Ethics Counsel

Ethics Opinion No. 293

Adopted May 20, 1978


Is it proper for an attorney in Oklahoma to employ in his law office an individual who was formerly a licensed attorney in the State of Oklahoma, but is presently suspended from the practice of law or who has been disbarred? If it is proper for an attorney to employ such an individual, what duties can the suspended or disbarred attorney perform while engaged in such employment?


The Code of Professional Responsibility, Canon 3, imposes an affirmative duty upon lawyers to assist in preventing the unauthorized practice of law.

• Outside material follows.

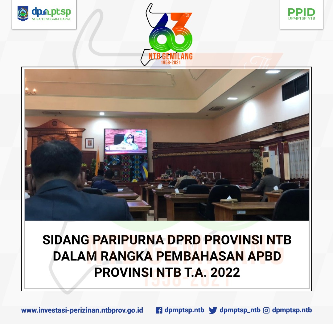 DPMPTSP Provinsi NTB mengikuti Sidang Paripurna Masa Persidangan III Tahun Sidang 2021, Pada hari Kamis malam (25 November 2021). Menghadiri kegiatan tersebut, Wakil Gubernur NTB Dr. Ir. Hj. Sitti Rohmi Djalilah M.Pd menyampaikan rasa syukur atas telah ditandatanganinya KUA PPAS Provinsi NTB Tahun Anggaran 2022 beberapa waktu yang lalu. KUA PPAS tersebut akan menjadi acuan rencana penyelenggaraan program pembangunan NTB di tahun 2022 mendatang.
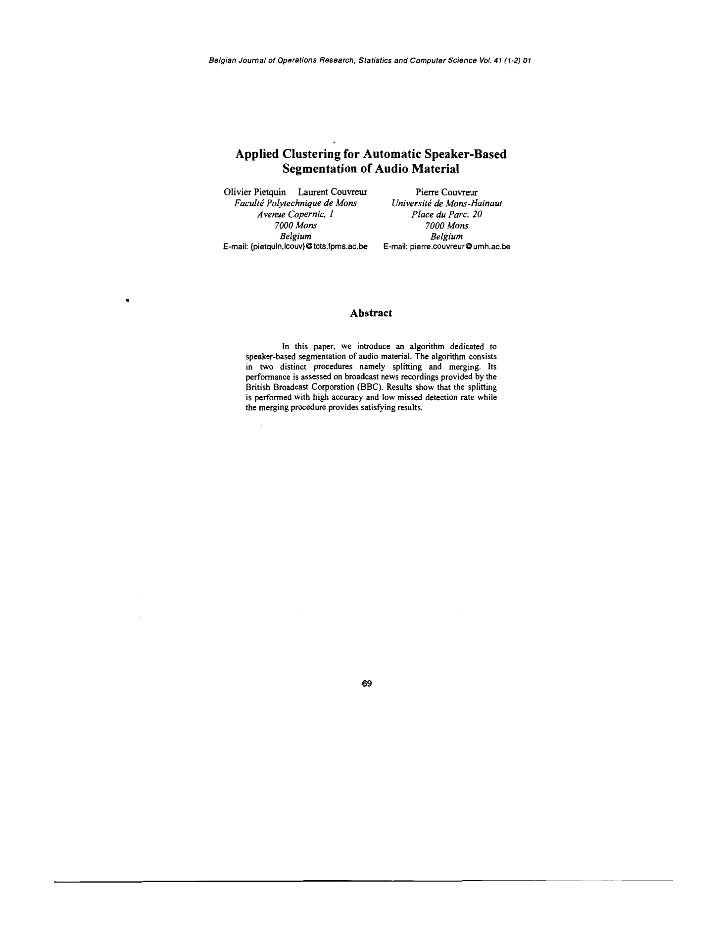 Applied ckustering for automatic speaker-based segmentation of audio material

It is apparent from a consideration of Canon 3 of the Code of Professional Responsibility that an attorney who employs a suspended or disbarred lawyer to work in the law office of the practicing attorney undertakes a course of conduct which offers the opportunity for the disbarred or suspended attorney to continue to engage in the practice of law. The same possibility, of course, exists without regard to whether or not the suspended or disbarred attorney is employed in a law office by a licensed practitioner.

This circumstance is mentioned by the Committee only to point out to a licensed attorney the serious responsibility which he undertakes by reason of Canon 3 when a suspended or disbarred attorney is employed to work for the licensed practitioner.

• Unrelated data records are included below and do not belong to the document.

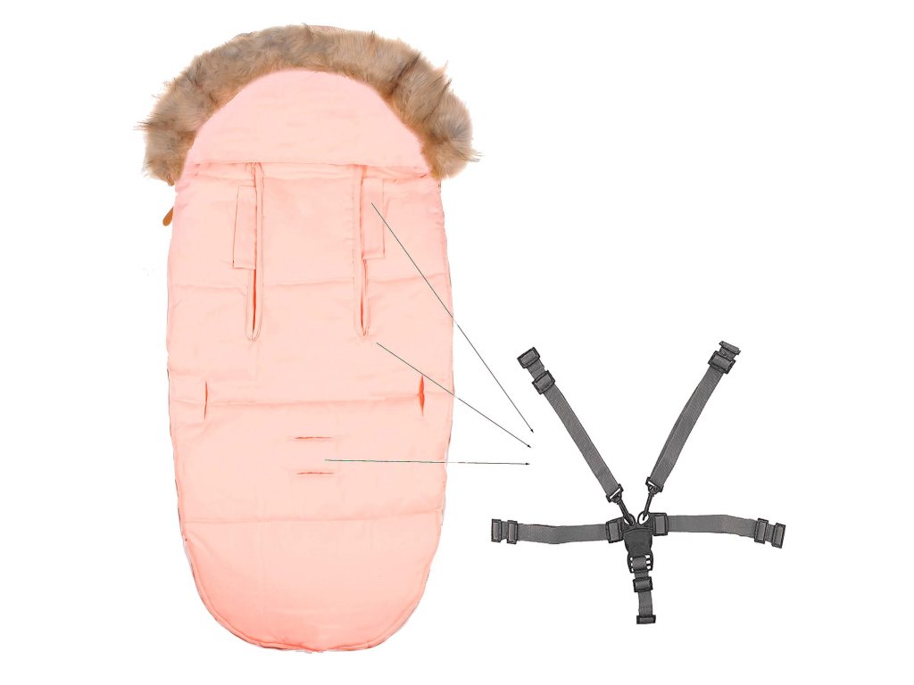 Na stražnjoj strani: 2 velika proreza/otvori zatvoreni s 2 čičak trake + 4 dodatna proreza – za sjedište/montažne trake – raspoređeni tako da odgovaraju različitim trakama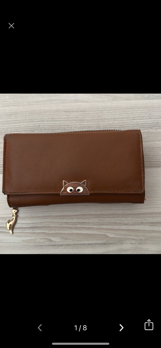 Kahverengi deri clutch cüzdan, fermuarlı ve minimalist leopar detaylı, trend sokak modasına uygun.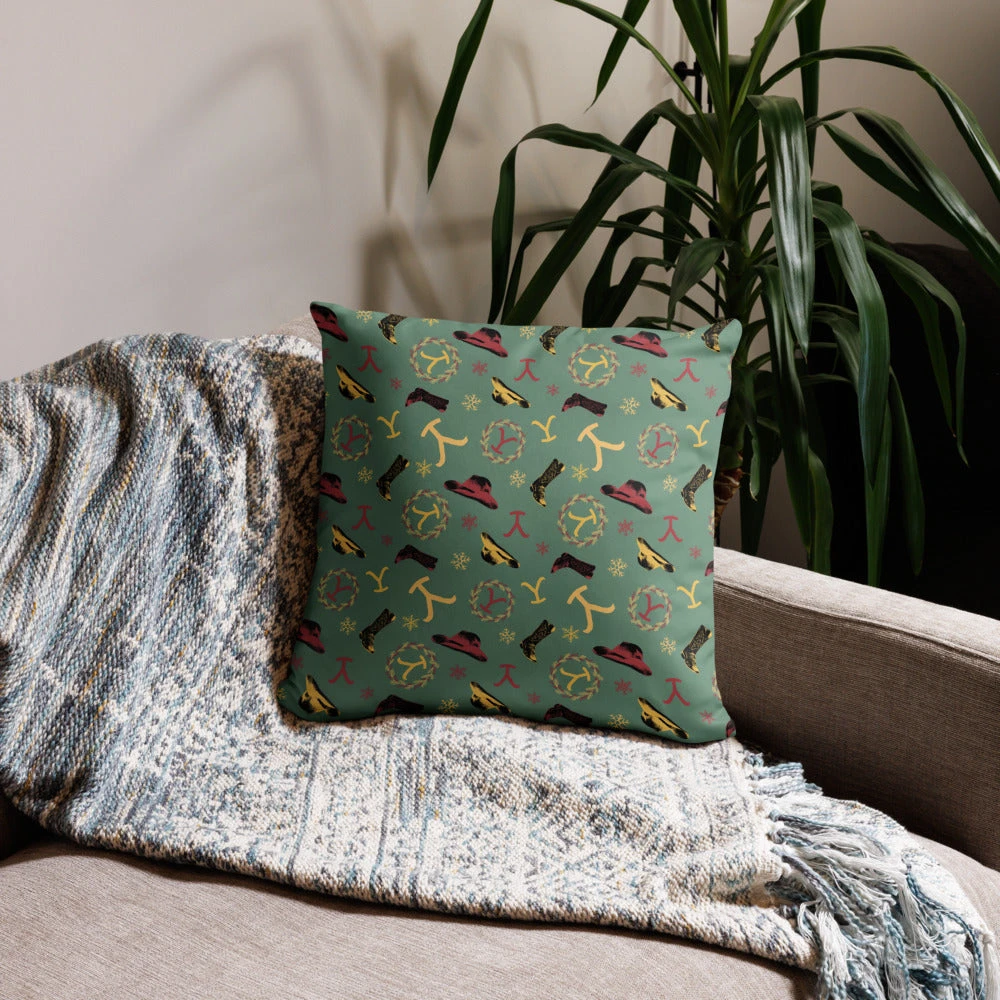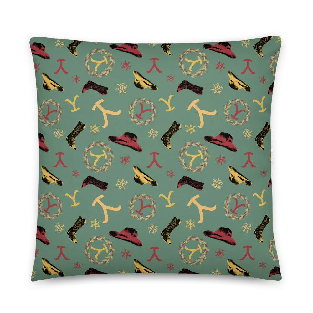 Celebrate the holidays with a rustic Western twist with this Yellowstone-inspired throw pillow, perfect for fans of the hit series. Featuring festive accents and iconic Yellowstone branding, this decorative pillow brings ranch-ready charm to your living room, bedroom, or cabin retreat.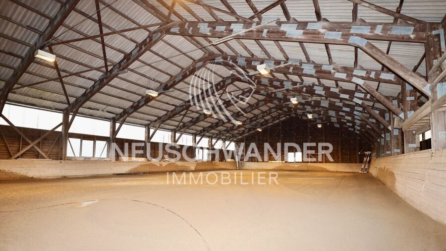La partie équestre est, encore aujourd’hui, pleinement exploitée et comprend une quinzaine d’écuries, un grand manège de 720 m2 (20x36) avec des gradins et un bar situé sur le côté est du bâtiment. Une place sèche, une grange et une sellerie viennent compléter ce superbe complexe équestre.

The Committee is of the opinion that it is not ethically improper or in any manner illegal for a licensed attorney to employ in his law office an individual who was formerly a licensed attorney but who has been suspended or disbarred from the practice of law. However, Ethical Consideration 3_6, Code of Professional Responsibility, clearly states the limits of the activities which the former lawyer may properly conduct as an employee of the practicing attorney. The relationship of attorney-client must always be between the licensed attorney and the client. The licensed attorney must in fact perform those functions which constitute the “practice of law” in an office where non-lawyer personnel are employed. Ethical Consideration 3-6, Code of Professional Responsibility.

Ethical Consideration 3-5, Code of Professional Responsibility, wisely provides that “it is neither necessary nor desirable to attempt the formulation of a single, specific definition of what constitutes the practice of law. Functionally, the practice of law relates to rendition of services for others that call for the professional judgment of a lawyer.”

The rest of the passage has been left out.